Nach zuletzt noch Rekordgewinnen trotz Coronakrise und Ukraine-Kriegs rechnet die Voestalpine für den weiteren Jahresverlauf mit einer "deutlichen Abkühlung" der Konjunktur und somit auch des Geschäftsverlaufs. Der Gewinn vor Zinsen, Steuern und Abschreibungen (EBITDA) dürfte mit voraussichtlich 2 Milliarden Euro unter dem Vorjahreswert (2,3 Milliarden Euro) zu liegen kommen, erwartet das Management.
Diese vorsichtige Guidance setzt voraus, dass Europa weiterhin ausreichend mit Erdgas versorgt wird "und auch zusätzlichen, derzeit kaum quantifizierbaren, Risiken – Konjunkturentwicklung, Störungen der Lieferketten, Kundenbedarfs-, Rohstoff- und Energiekostenentwicklung – weiterhin beherrschbar bleiben".
Wie die Voestalpine von einem Gasstopp betroffen wäre
Im ersten Quartal 2022/23 (April bis Juni) hat das Unternehmen trotz massiv gestiegener Energiepreise, internationaler Lieferengpässe und anhaltender Einschränkungen in der Logistik mit einem mehr als verdoppelten Gewinn nach Steuern von 615 Millionen Euro noch das "historisch beste Quartalsergebnis erwirtschaftet und damit an das letzte Geschäftsjahr angeknüpft", in dem das "bisher beste Konzernergebnis" erzielt worden war. 2021/22 waren unter dem Strich 1,3 Milliarden Euro Gewinn geblieben, nach nur 31,7 Millionen Euro im Jahr davor.
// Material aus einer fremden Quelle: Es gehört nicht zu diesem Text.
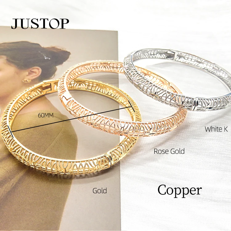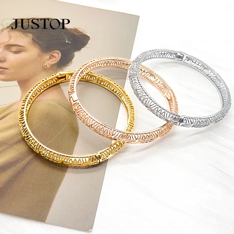 Luxury New Brass 18K Gold Plated Clover Hollow Bangles for Women Jewelry Wedding Gifts of Jewelry Wholesale
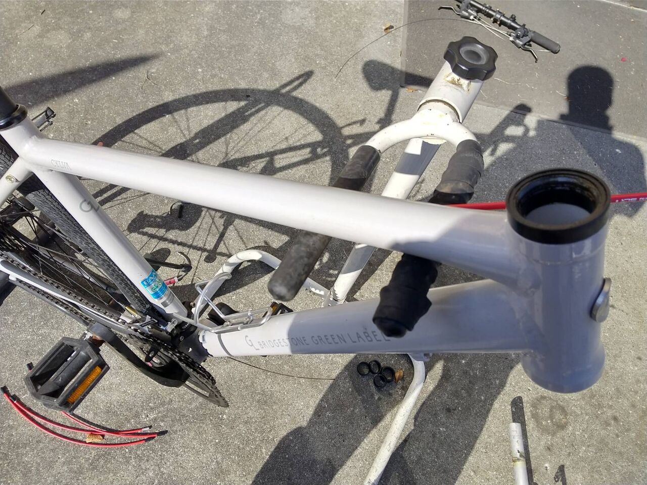 メンテナンスパッケージ弐 シルヴァF24 組上げ作業工程 2023.03.01 M様のシルヴァF24のメンテナンス依頼をいただきました。 改めて見てもシマノのVブレーキや、RDなど良いパーツ群と洗練されたデザインでシルヴァF24は傑作品であると思える ヘッドパーツの掃除から。FDの汚れも酷かったので簡易掃除を。RDハンガーの歪みチェック。 シフト、ブレーキアウターを赤色に変更。タイヤを32cから28cのグラベルキングSK+へ変更し軽やかでありながら林道でも恐れることなく突入できます あと1か月後に週末サイクリングも始まりますので奮って御参加ください^^コロナの3年分遊びましょう!!
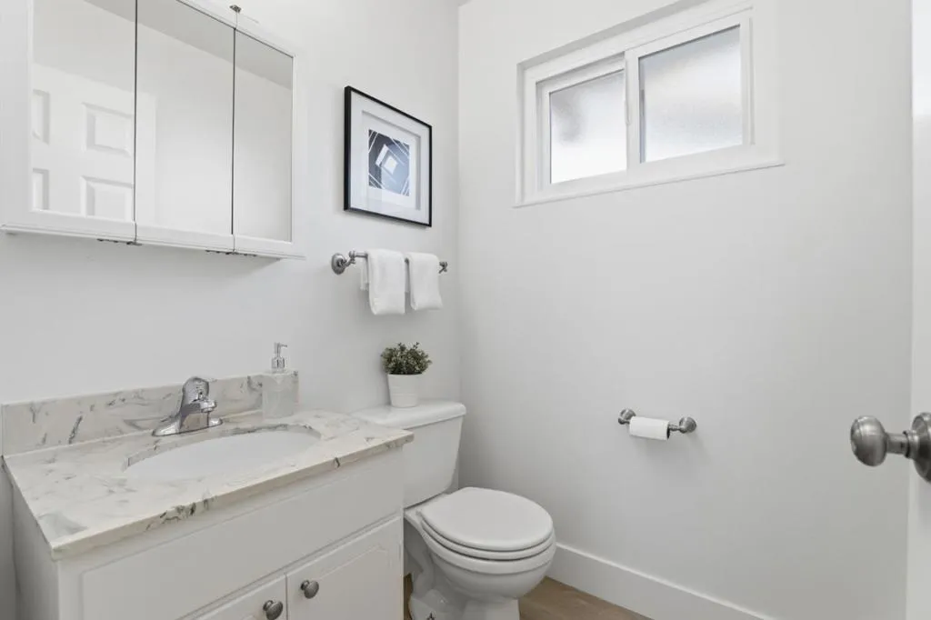Move right into this beautifully updated 5 bedroom, 2.5 bathroom home with fresh flooring throughout and a thoughtful, flexible layout for everyday living, work, or creative spaces. Enjoy a bright interior with hardwood floors, recessed lighting, and a cozy wood-burning fireplace anchoring the main living area. The refreshed kitchen features tile countertops, newly painted cabinetry, under-cabinet lighting, and a full suite of appliances. The formal dining area connects seamlessly to the outdoors with sliding doors opening to an expansive deck, ideal for entertaining. Bedrooms offer mirrored closets with built-in organizers, while the primary suite includes deck access and an ensuite bath with a tiled stall shower. Owned solar for wonderfully efficient energy usage. The backyard is designed for both fun and function with paver walkways, mature shade trees, a custom bar area with seating, and a large play structure. A detached shed with electricity provides extra versatility for hobbies or storage. Attached 2-car garage with built-ins and workshop space completes the home. Excellent commuter location to Silicon Valley tech giants. Prime location near Baker Elementary, Moreland Middle, Prospect High School, major expressways, shopping, dining, and more!
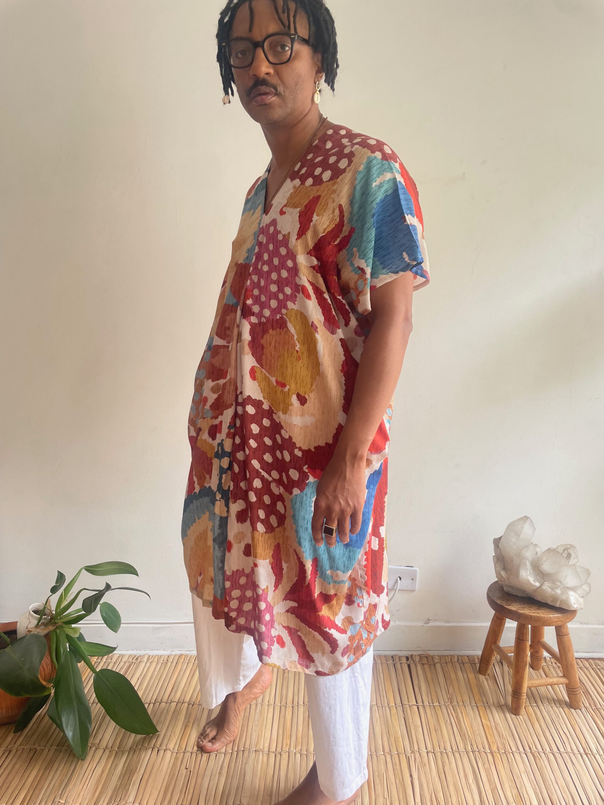 Descrição do produto: Vestido Diamante, decote V . Contém um bolso em cada lateral e a frente é ligeiramente mais curta que as costas.
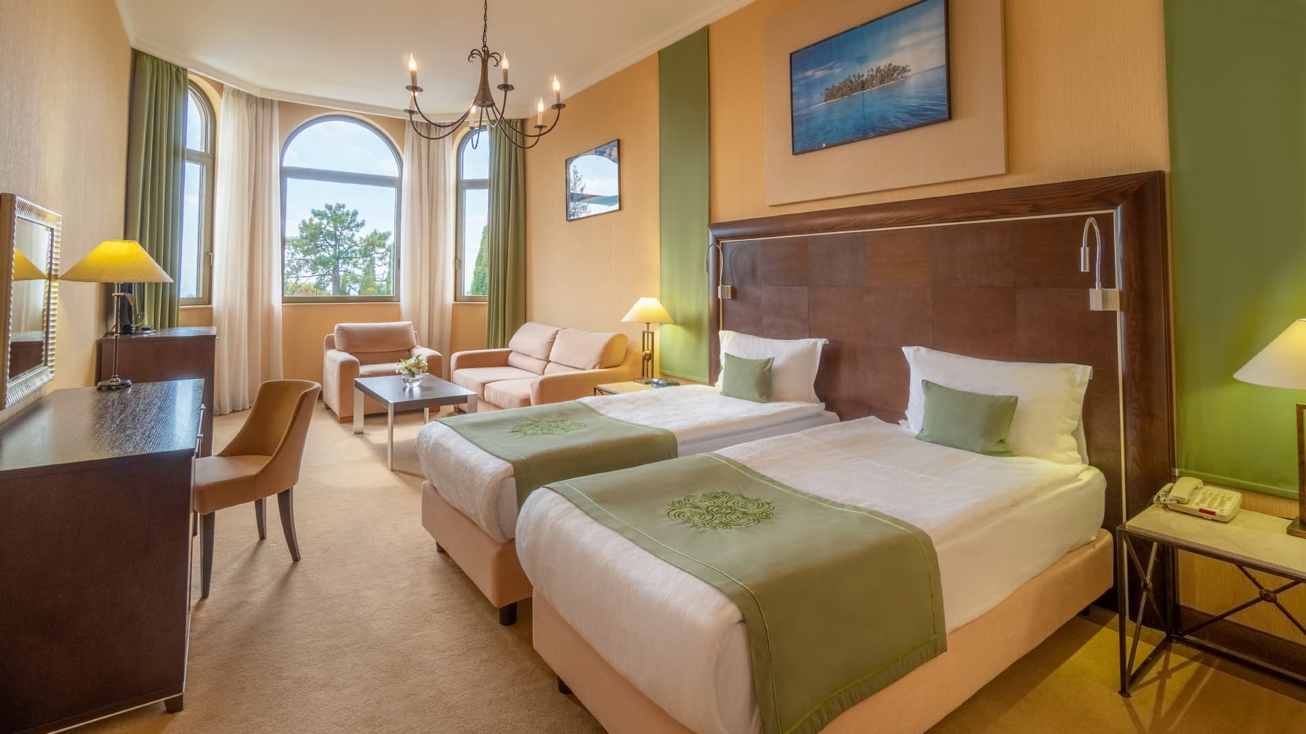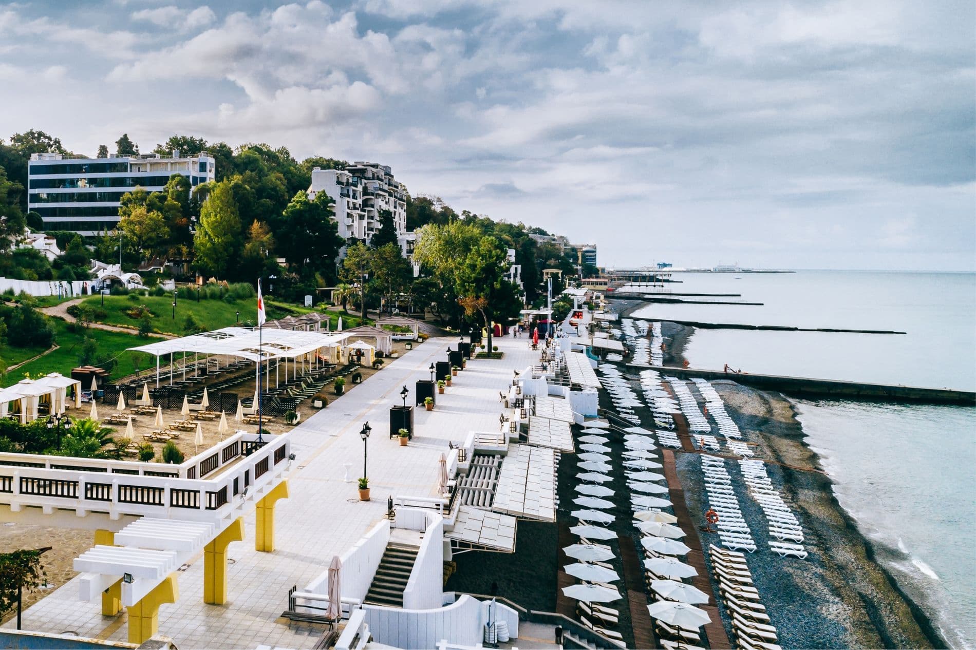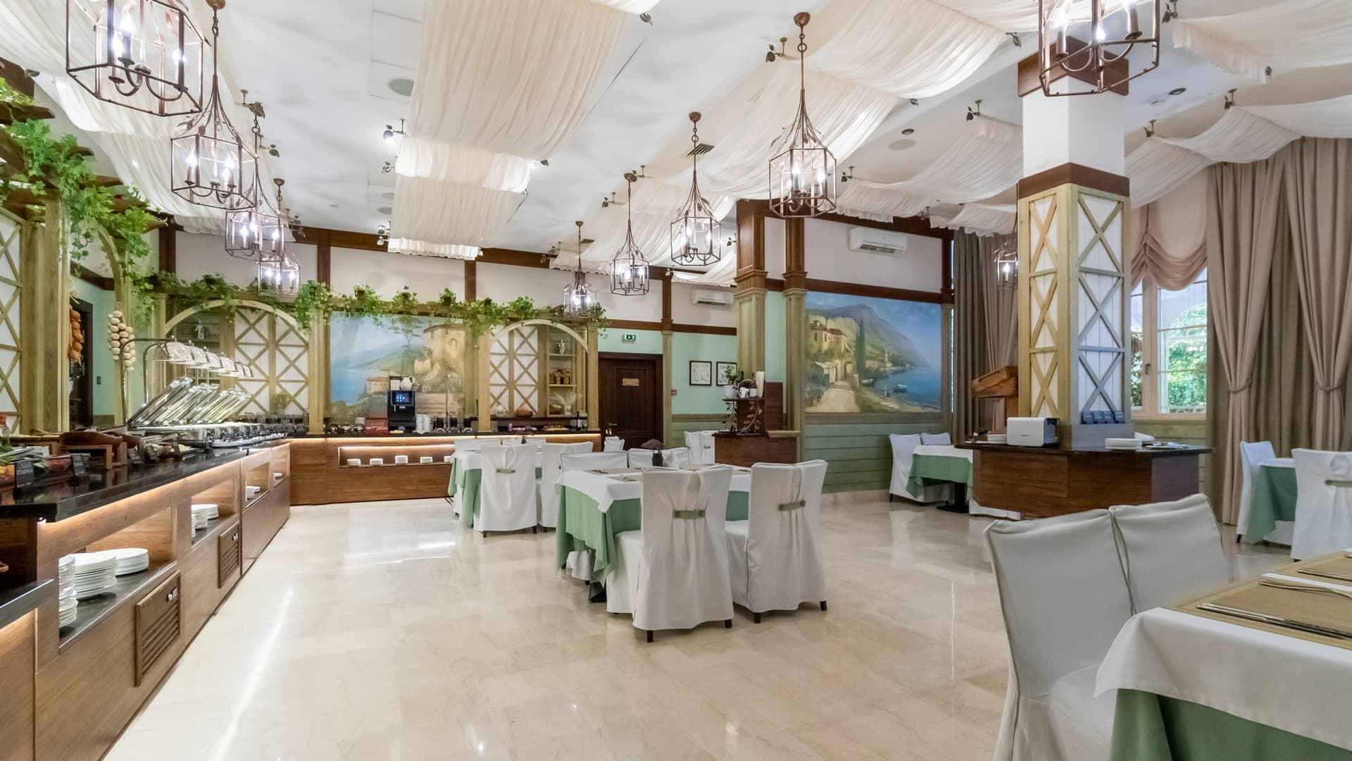 42 номера, 3 коттеджа, 4 виллы, 3 ресторана, 4 бара, частный галечный пляж (в 250 м от отеля, спуск по лестнице или на лифте), открытые бассейны (в том числе один - только для гостей вилл), открытые детские бассейны, закрытый бассейн для занятий аквааэробикой, SPA-центр, медицинский центр (в санатории «Заполярье»), 2 тренажерных зала, спорт и водный спорт, детский центр, клуб для подростков, бизнес-центр, парковка.
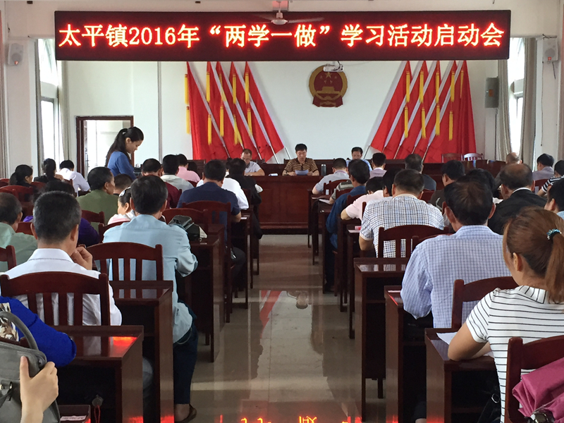 太平镇:5月13日,太平镇召开“两学一做”学习教育启动会。会议传达了中央关于开展“两学一做”学习教育的相关精神和要求,安排部署镇“两学一做”及当前党建重点工作。会议要求全体党员干部一要深化认识、主动作为;二要明确目标,精准发力,做到“学、改、做”三位一体、有机结合;三要增强合力,纵深推进;四要将“两学一做”学习教育与镇中心工作相结合,突出抓好重点工作,以工作成效检验学习教育效果。
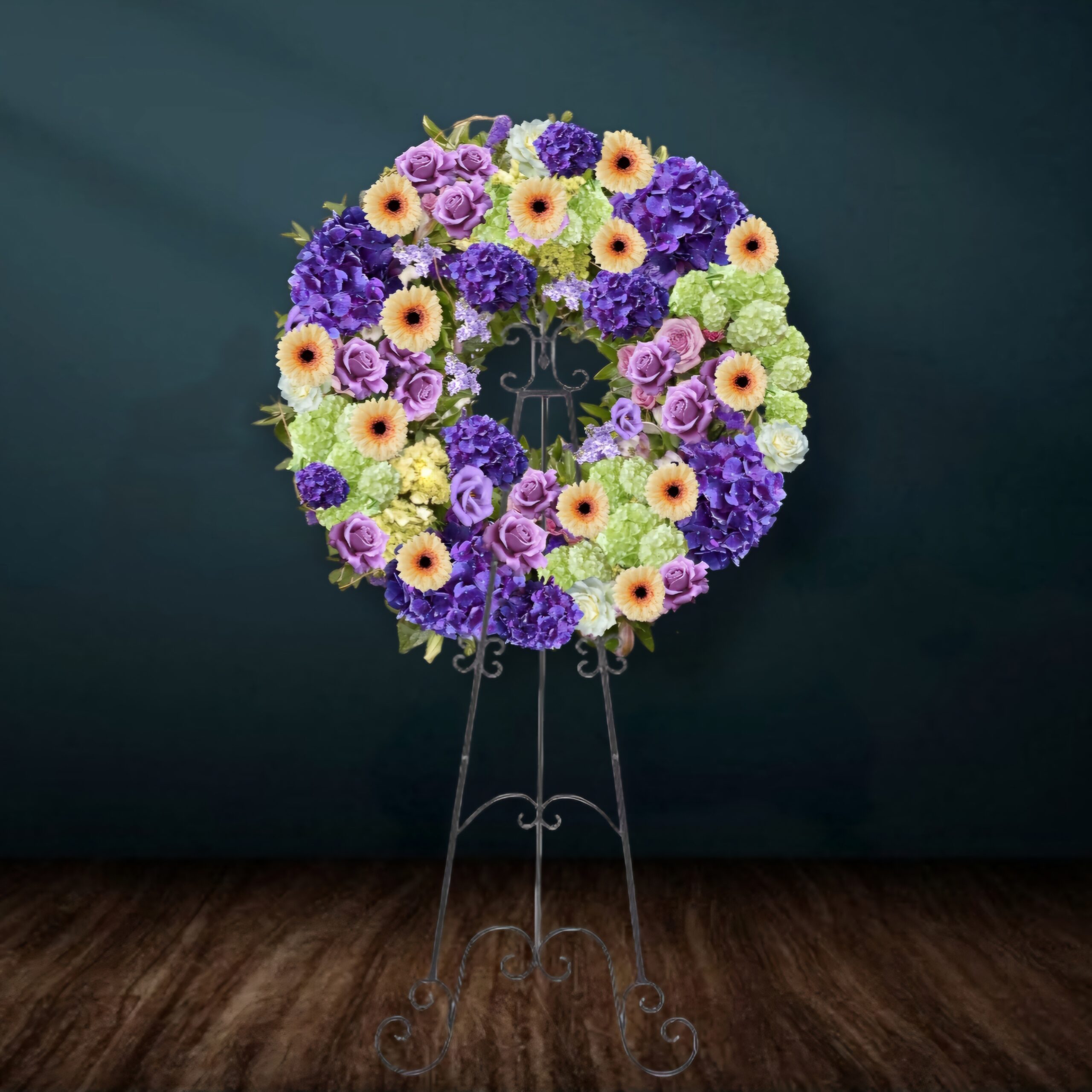 This beautiful floral tribute shows your undying love during this difficult time. This standing spray wreath arrangement – is created from fresh seasonal flowers, in purple, peach, and green. Traditionally sent directly to the funeral home by family members or friends and displayed on a stand. Our florists use only the freshest flowers available so varieties may vary.
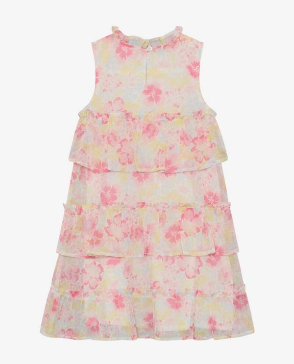 Ermeløs kjole fra Minymo med et fargerikt blomstertrykk. Kjolen er designet med flere lag med rysjer og en liten rysjekant ved halsutringningen. Lukkes bak i nakken med en knapp.
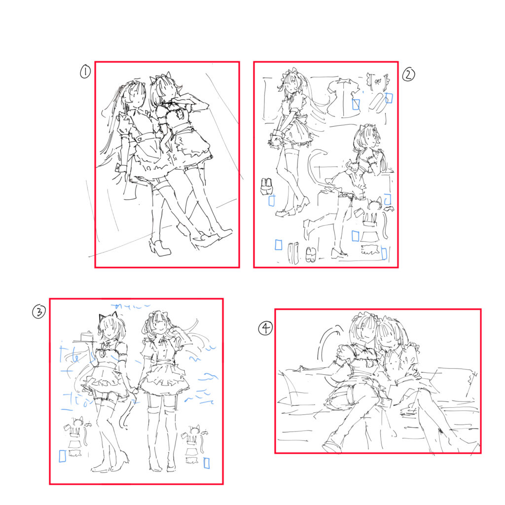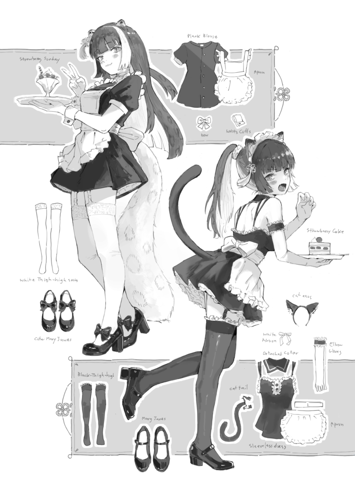 มีคอมมิชชั่นเมดอีกแล้ว คราวนี้ขอแบบสองชุดในภาพเดียว (เพิ่มตัวละคร) ก็ร่างไปให้สี่แบบ เขาเลือกอันนี้ คอนเซ็ปคือภาพจากนิตรยสารแฟชั่น แต่เป็นชุดเมดแทน วาดไปวาดมาน่ารักดี ไม่น่าเชื่อว่าคนจิตใจหยาบช้าแบบผมก็วาดอะไรน่ารักๆ แบบนี้
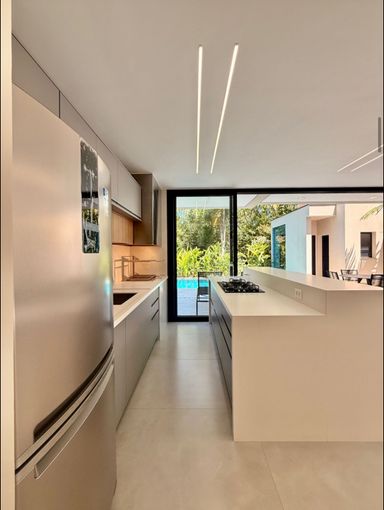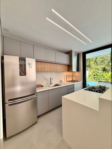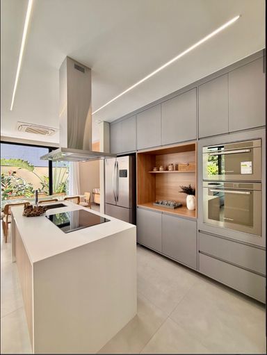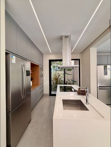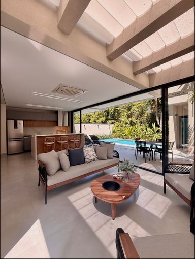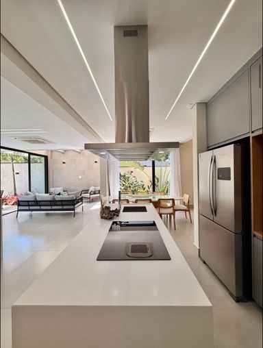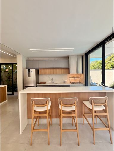 A área gourmet e a cozinha, integradas à casa, são um verdadeiro convite para momentos de convívio.
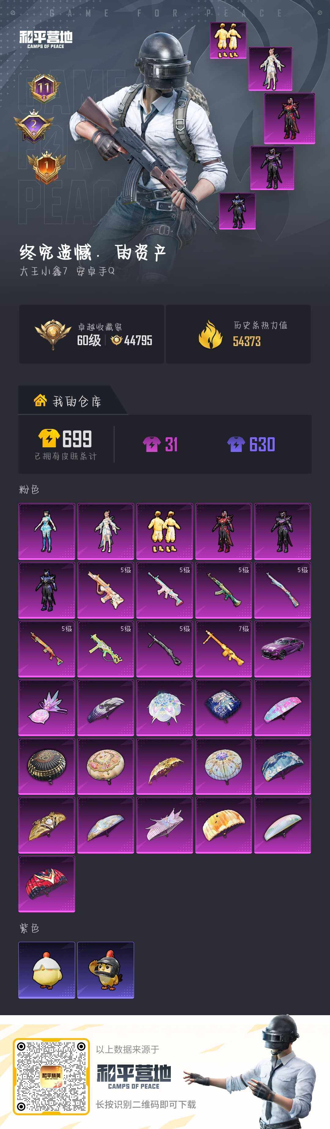 安卓 手Q-6粉装-8特效枪-1载具-1粉色飞行器-54373热力值-11王牌印记-132套装-210枪皮【热门品类】:套装-深海小丑鱼,套装-忍者信条,套装-龟仙人【粉色套装】:角色-万古烈焰,角色-宙之时溯,角色-星云暗核,粉装-暖暖奶龙,角色-月影灵韵,角色-异瞳寒姬【粉色枪皮等级】:AKM-绿萝繁花(五级),SCAR-L-锦绣绵绵(五级),AUG-暖羊咩咩(五级),UMP45-萌骑冒险(
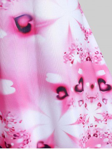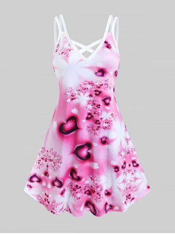 Plus Size Hearts Flower Printed Crisscross A Line Sleeveless Dress - Light Pink - L | Us 12
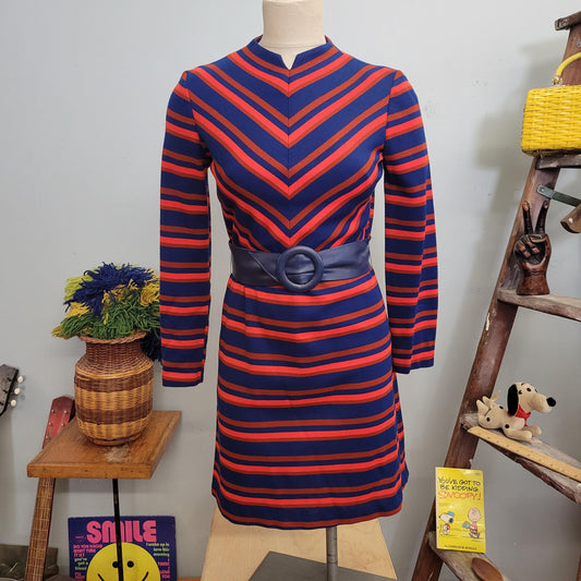 vtg 70s CHEVRON BELTED DRESS // vintage medium womens retro mod autumn cottage winter stylish metro sassy flirty funky movie star unique fit

Mit der nunmehr gebunkerten Gasmenge, die für ein Vierteljahr Produktion unter Vollauslastung reicht, sieht sich der Konzernchef für "ein Worst-Case-Szenario, einen Gasstopp" aus Russland gewappnet. "Das würde bedeuten, dass wir in dieser Zeit einen eingeschränkten Bedarf haben, wir könnten Kunden noch beliefern und Anlagen runterfahren, ohne Beschädigungen zu haben", umriss Eibensteiner in einer Telefonkonferenz mit Journalisten die Lage bei einem kompletten Lieferstopp von russischem Gas. Aufträge könnten also noch abgearbeitet und die betroffenen Produktionsbereiche kontrolliert heruntergefahren werden.
Auf Gas angewiesen
Die Voestalpine, die für die Herstellung ihrer Produkte überdurchschnittlich viel Energie benötigt, ist dabei auf Gas angewiesen. "Gas ist für uns Prozessgas – das ist schwer zu ersetzen, das ist ja auch der Grund, warum wir eingespeichert haben", erklärte Eibensteiner. "Gleichzeitig haben wir uns Gas von nichtrussischen Quellen gesichert, um sicherzustellen, dass wir nicht zu 100 Prozent von russischem Gas abhängig sind."
Für den konzerneigenen Gasvorrat wurden bereits andere Quellen angezapft. Der Konzern bezieht dem CEO zufolge Flüssiggas (LNG, Liquid Natural Gas) aus Terminals in Südeuropa sowie Gas aus nordafrikanischen Quellen. Wie viel Prozent des Bedarfs nun bereits nichtrussischer Herkunft sind, wollte der Konzernchef nicht beziffern – es sei aber "schon eine wesentliche Menge".